---- RECORDS SUPPLIED

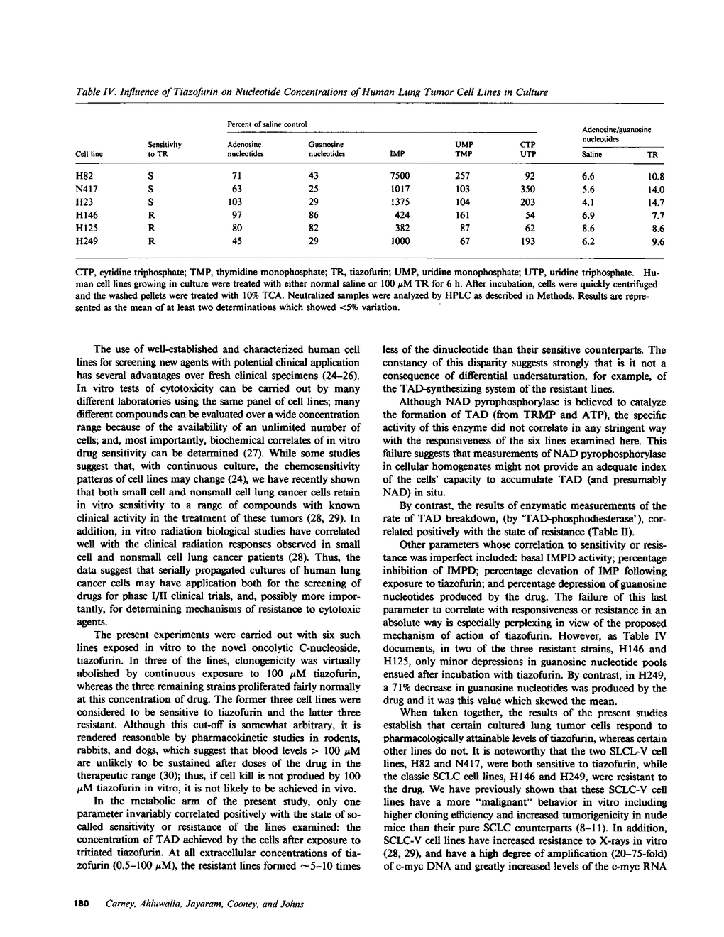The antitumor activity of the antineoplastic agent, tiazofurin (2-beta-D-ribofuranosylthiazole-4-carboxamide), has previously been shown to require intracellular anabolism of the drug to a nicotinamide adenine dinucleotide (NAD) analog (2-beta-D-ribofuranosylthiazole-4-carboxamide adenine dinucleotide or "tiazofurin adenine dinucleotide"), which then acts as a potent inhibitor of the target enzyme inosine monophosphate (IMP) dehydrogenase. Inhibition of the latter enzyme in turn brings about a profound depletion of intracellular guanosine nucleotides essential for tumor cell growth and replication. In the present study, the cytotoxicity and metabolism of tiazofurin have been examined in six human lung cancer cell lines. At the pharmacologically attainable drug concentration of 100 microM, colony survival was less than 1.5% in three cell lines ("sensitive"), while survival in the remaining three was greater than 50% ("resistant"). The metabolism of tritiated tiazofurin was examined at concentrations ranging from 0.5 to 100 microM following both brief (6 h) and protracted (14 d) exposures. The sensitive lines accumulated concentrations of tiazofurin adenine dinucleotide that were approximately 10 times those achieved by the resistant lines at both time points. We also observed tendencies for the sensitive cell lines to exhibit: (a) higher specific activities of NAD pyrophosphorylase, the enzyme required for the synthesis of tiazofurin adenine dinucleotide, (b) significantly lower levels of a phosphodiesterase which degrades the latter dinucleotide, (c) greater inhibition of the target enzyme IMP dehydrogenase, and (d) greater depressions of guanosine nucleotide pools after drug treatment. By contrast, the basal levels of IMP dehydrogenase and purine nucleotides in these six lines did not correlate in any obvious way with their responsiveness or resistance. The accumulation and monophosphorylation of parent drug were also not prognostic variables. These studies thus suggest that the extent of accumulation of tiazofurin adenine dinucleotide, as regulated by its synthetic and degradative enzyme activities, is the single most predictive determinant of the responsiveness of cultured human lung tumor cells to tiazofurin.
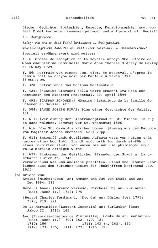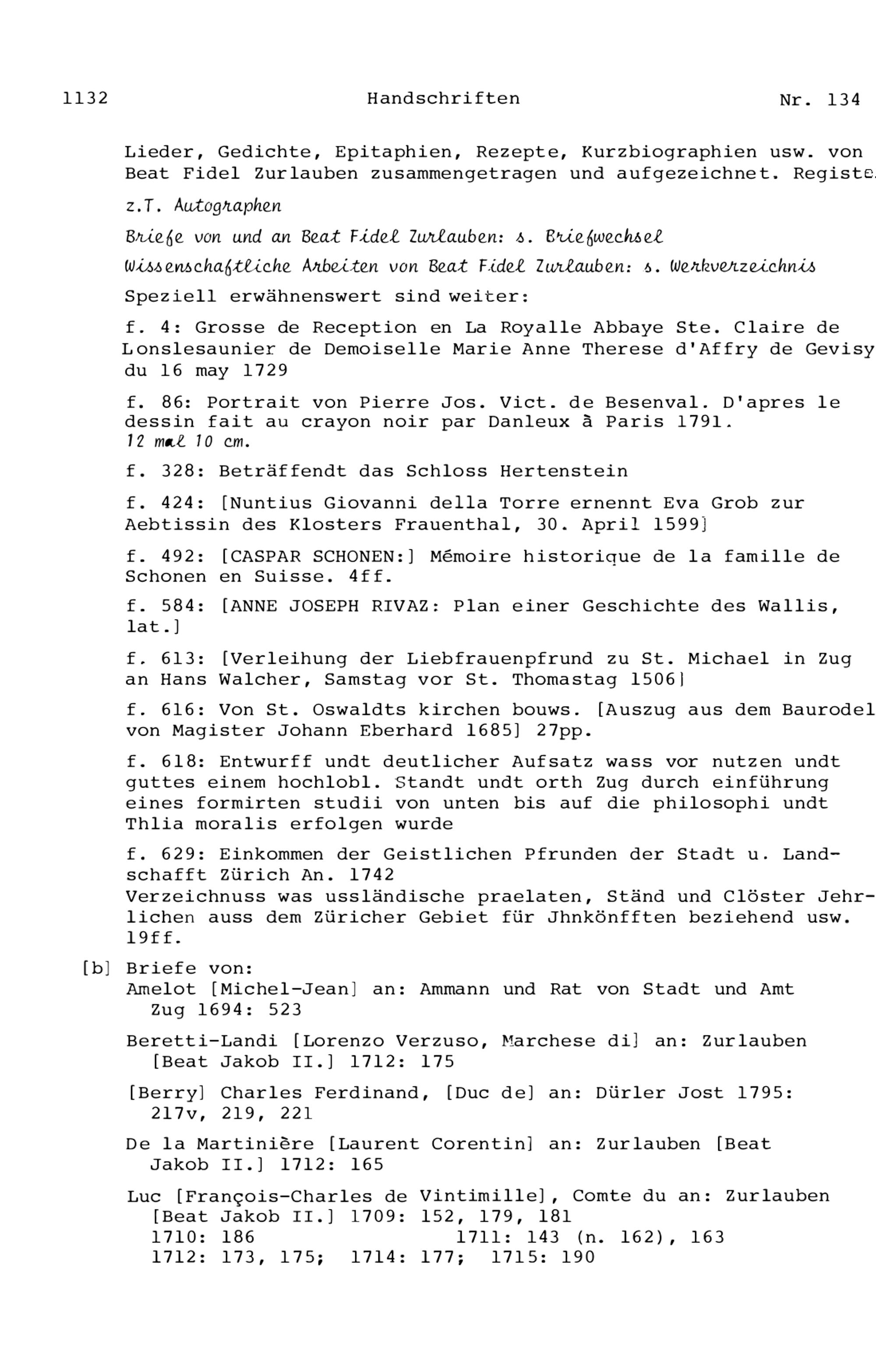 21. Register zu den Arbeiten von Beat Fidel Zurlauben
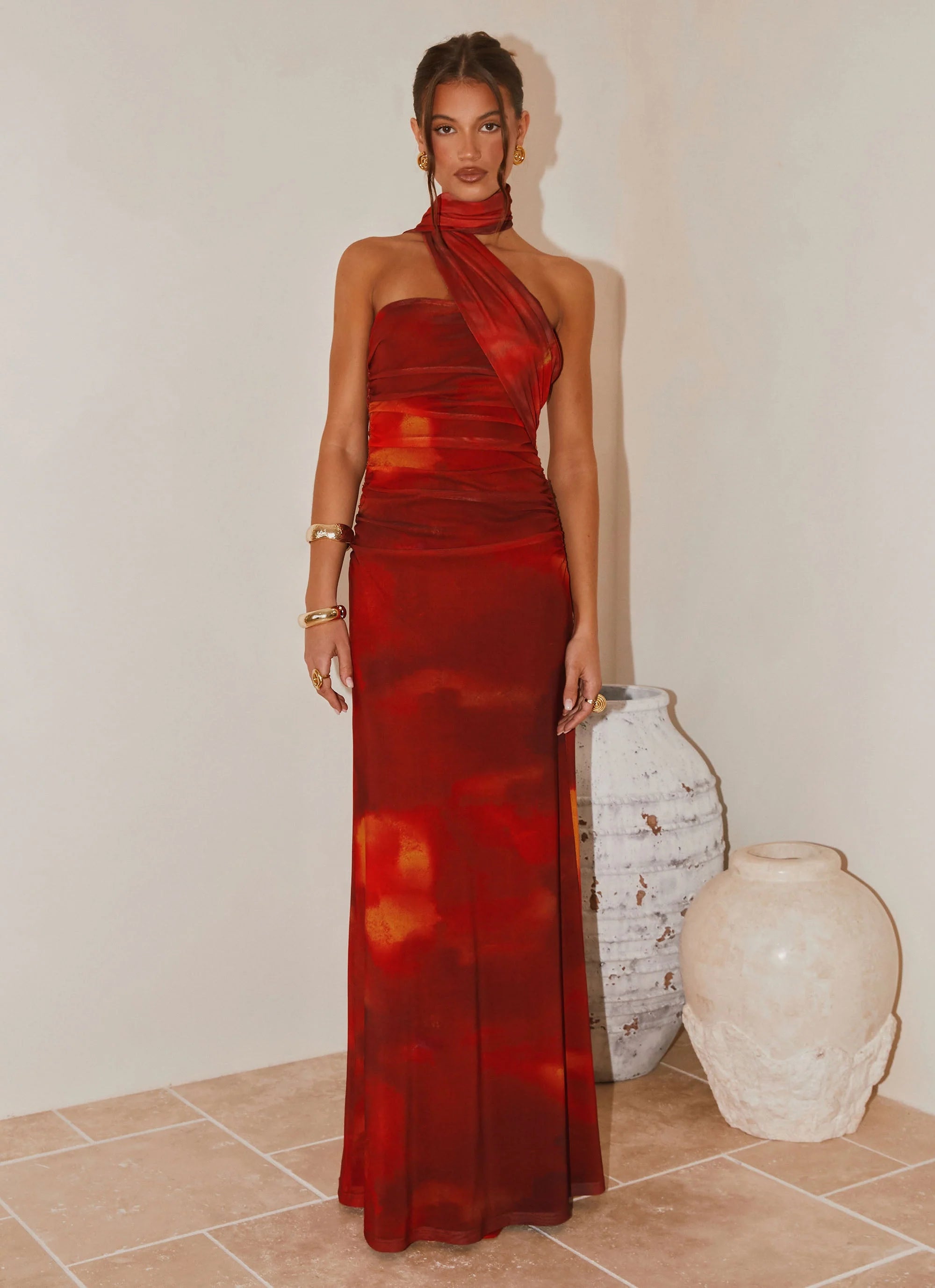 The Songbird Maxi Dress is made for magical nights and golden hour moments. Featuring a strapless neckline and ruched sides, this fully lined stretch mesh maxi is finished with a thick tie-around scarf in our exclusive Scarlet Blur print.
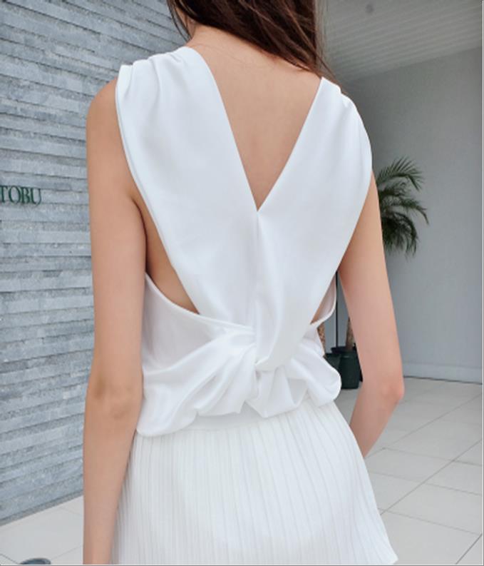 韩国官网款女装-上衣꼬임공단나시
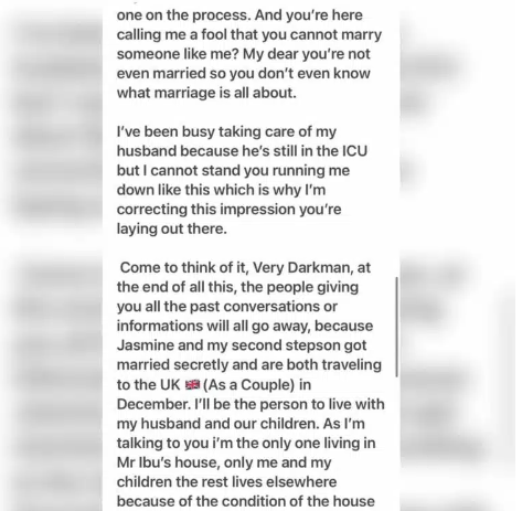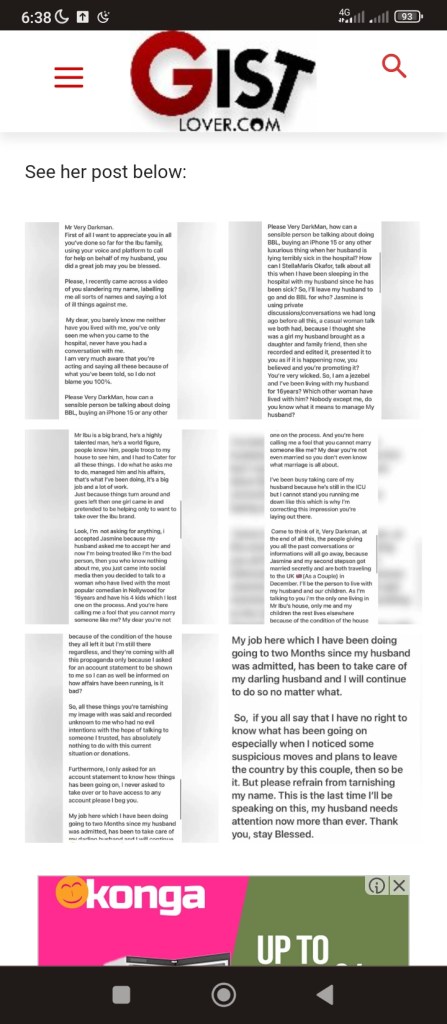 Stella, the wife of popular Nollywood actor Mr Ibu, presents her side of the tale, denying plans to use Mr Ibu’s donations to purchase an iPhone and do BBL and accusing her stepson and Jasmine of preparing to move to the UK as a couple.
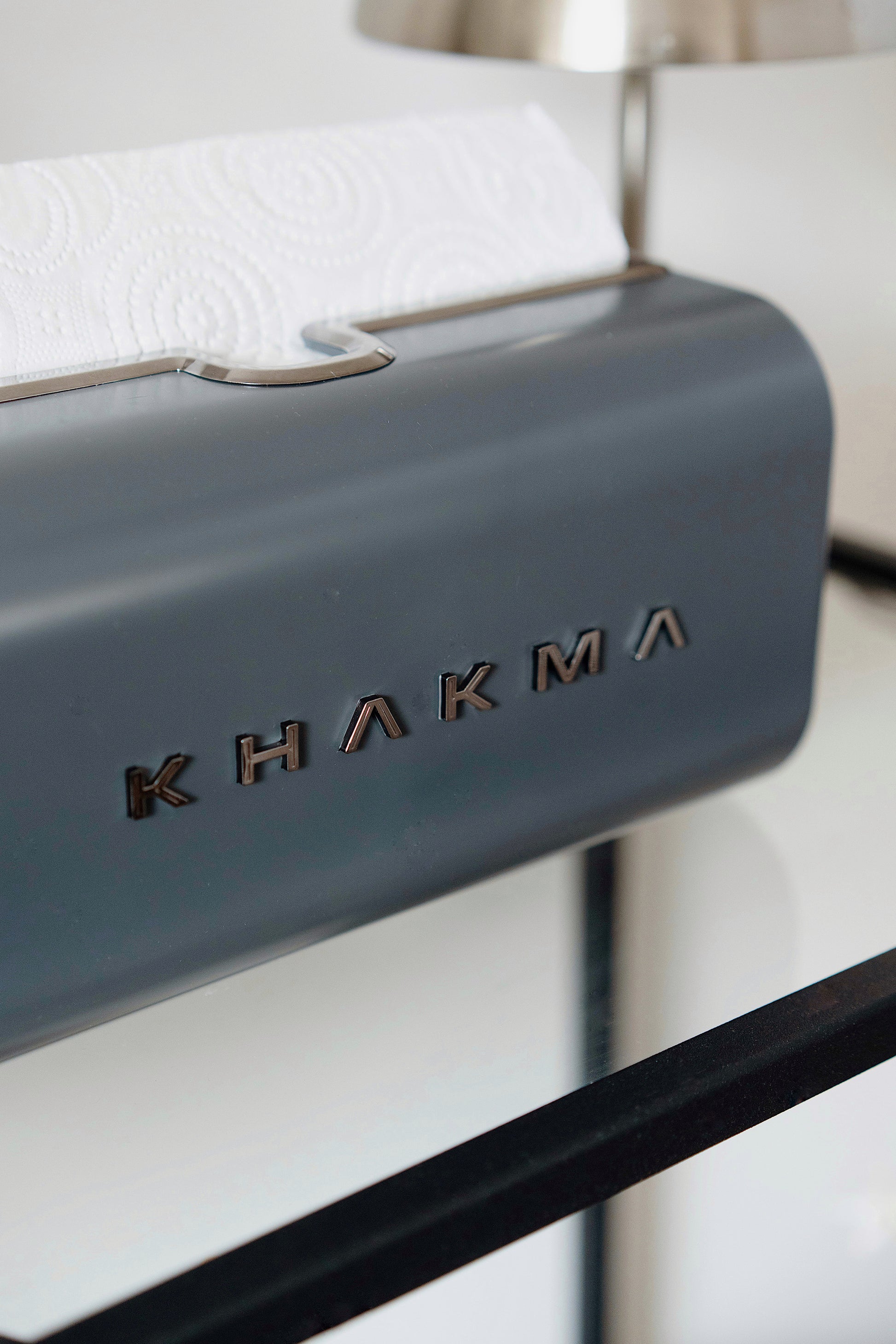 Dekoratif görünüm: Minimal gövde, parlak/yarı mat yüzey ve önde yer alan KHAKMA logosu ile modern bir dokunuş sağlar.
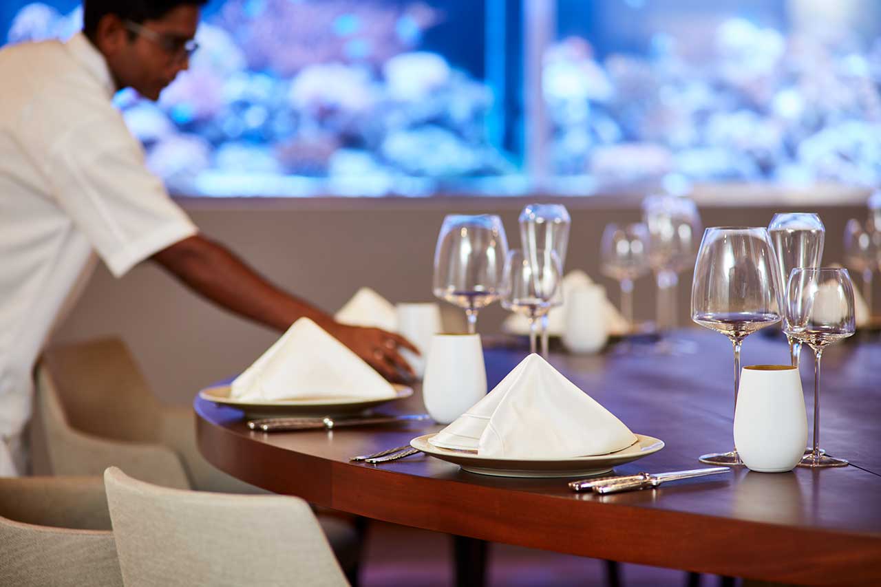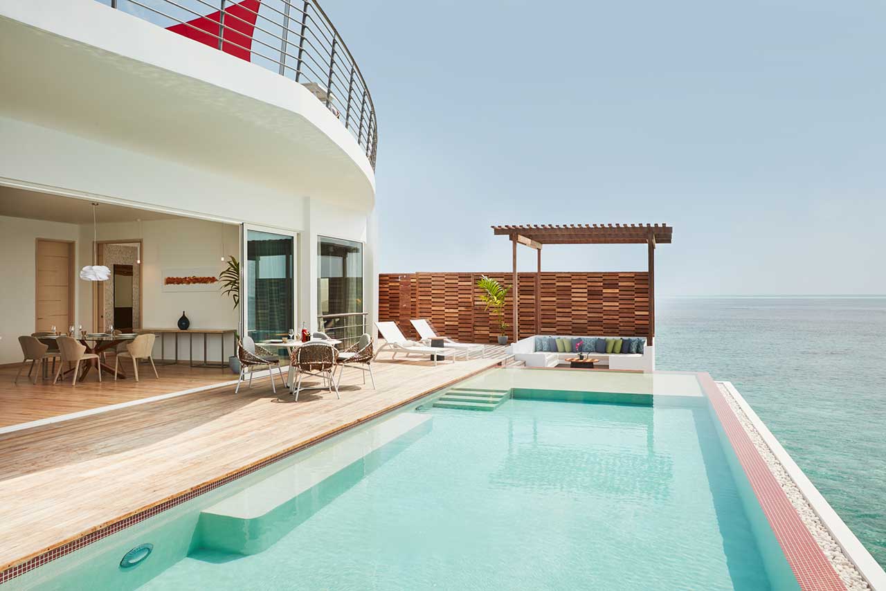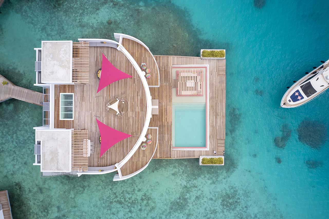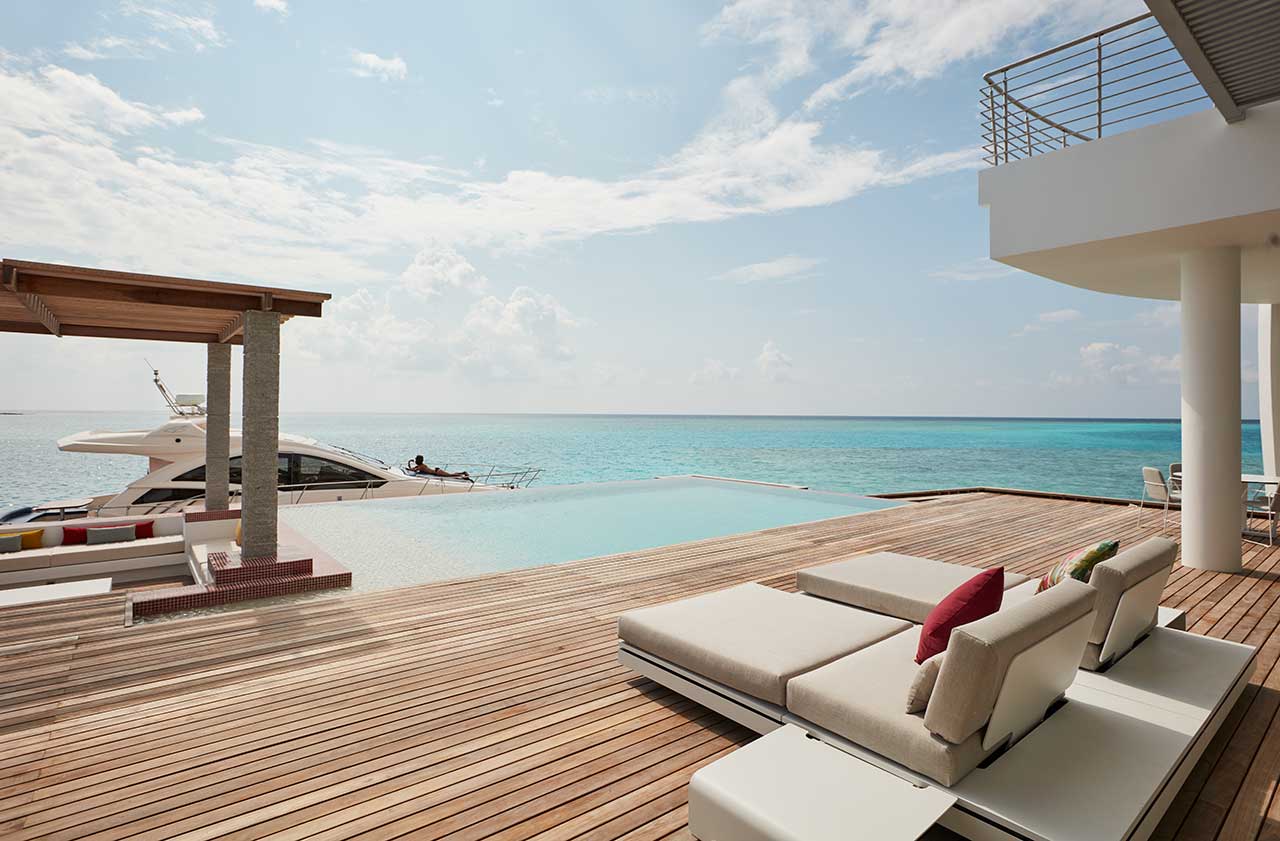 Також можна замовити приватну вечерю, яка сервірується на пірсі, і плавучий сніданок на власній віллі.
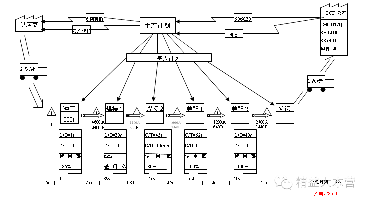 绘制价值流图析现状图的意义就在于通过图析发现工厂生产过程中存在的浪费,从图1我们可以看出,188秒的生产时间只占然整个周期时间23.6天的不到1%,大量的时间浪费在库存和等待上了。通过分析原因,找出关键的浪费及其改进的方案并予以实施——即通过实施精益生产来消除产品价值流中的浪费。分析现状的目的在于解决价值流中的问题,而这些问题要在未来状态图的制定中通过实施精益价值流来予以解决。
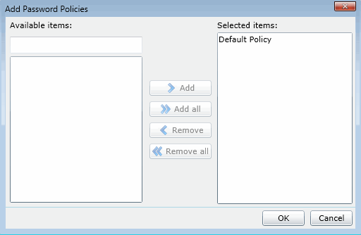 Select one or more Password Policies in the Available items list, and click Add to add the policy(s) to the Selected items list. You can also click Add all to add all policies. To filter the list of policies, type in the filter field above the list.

--------

#### YOUR ASSIGNMENT:
Retype the entries exactly, skipping every picture.

#### SOLUTION TO THE EXERCISE:
The antitumor activity of the antineoplastic agent, tiazofurin (2-beta-D-ribofuranosylthiazole-4-carboxamide), has previously been shown to require intracellular anabolism of the drug to a nicotinamide adenine dinucleotide (NAD) analog (2-beta-D-ribofuranosylthiazole-4-carboxamide adenine dinucleotide or "tiazofurin adenine dinucleotide"), which then acts as a potent inhibitor of the target enzyme inosine monophosphate (IMP) dehydrogenase. Inhibition of the latter enzyme in turn brings about a profound depletion of intracellular guanosine nucleotides essential for tumor cell growth and replication. In the present study, the cytotoxicity and metabolism of tiazofurin have been examined in six human lung cancer cell lines. At the pharmacologically attainable drug concentration of 100 microM, colony survival was less than 1.5% in three cell lines ("sensitive"), while survival in the remaining three was greater than 50% ("resistant"). The metabolism of tritiated tiazofurin was examined at concentrations ranging from 0.5 to 100 microM following both brief (6 h) and protracted (14 d) exposures. The sensitive lines accumulated concentrations of tiazofurin adenine dinucleotide that were approximately 10 times those achieved by the resistant lines at both time points. We also observed tendencies for the sensitive cell lines to exhibit: (a) higher specific activities of NAD pyrophosphorylase, the enzyme required for the synthesis of tiazofurin adenine dinucleotide, (b) significantly lower levels of a phosphodiesterase which degrades the latter dinucleotide, (c) greater inhibition of the target enzyme IMP dehydrogenase, and (d) greater depressions of guanosine nucleotide pools after drug treatment. By contrast, the basal levels of IMP dehydrogenase and purine nucleotides in these six lines did not correlate in any obvious way with their responsiveness or resistance. The accumulation and monophosphorylation of parent drug were also not prognostic variables. These studies thus suggest that the extent of accumulation of tiazofurin adenine dinucleotide, as regulated by its synthetic and degradative enzyme activities, is the single most predictive determinant of the responsiveness of cultured human lung tumor cells to tiazofurin.
 21. Register zu den Arbeiten von Beat Fidel Zurlauben
 The Songbird Maxi Dress is made for magical nights and golden hour moments. Featuring a strapless neckline and ruched sides, this fully lined stretch mesh maxi is finished with a thick tie-around scarf in our exclusive Scarlet Blur print.
 韩国官网款女装-上衣꼬임공단나시
 Stella, the wife of popular Nollywood actor Mr Ibu, presents her side of the tale, denying plans to use Mr Ibu’s donations to purchase an iPhone and do BBL and accusing her stepson and Jasmine of preparing to move to the UK as a couple.
 Dekoratif görünüm: Minimal gövde, parlak/yarı mat yüzey ve önde yer alan KHAKMA logosu ile modern bir dokunuş sağlar.
 Також можна замовити приватну вечерю, яка сервірується на пірсі, і плавучий сніданок на власній віллі.
 绘制价值流图析现状图的意义就在于通过图析发现工厂生产过程中存在的浪费,从图1我们可以看出,188秒的生产时间只占然整个周期时间23.6天的不到1%,大量的时间浪费在库存和等待上了。通过分析原因,找出关键的浪费及其改进的方案并予以实施——即通过实施精益生产来消除产品价值流中的浪费。分析现状的目的在于解决价值流中的问题,而这些问题要在未来状态图的制定中通过实施精益价值流来予以解决。
 Select one or more Password Policies in the Available items list, and click Add to add the policy(s) to the Selected items list. You can also click Add all to add all policies. To filter the list of policies, type in the filter field above the list.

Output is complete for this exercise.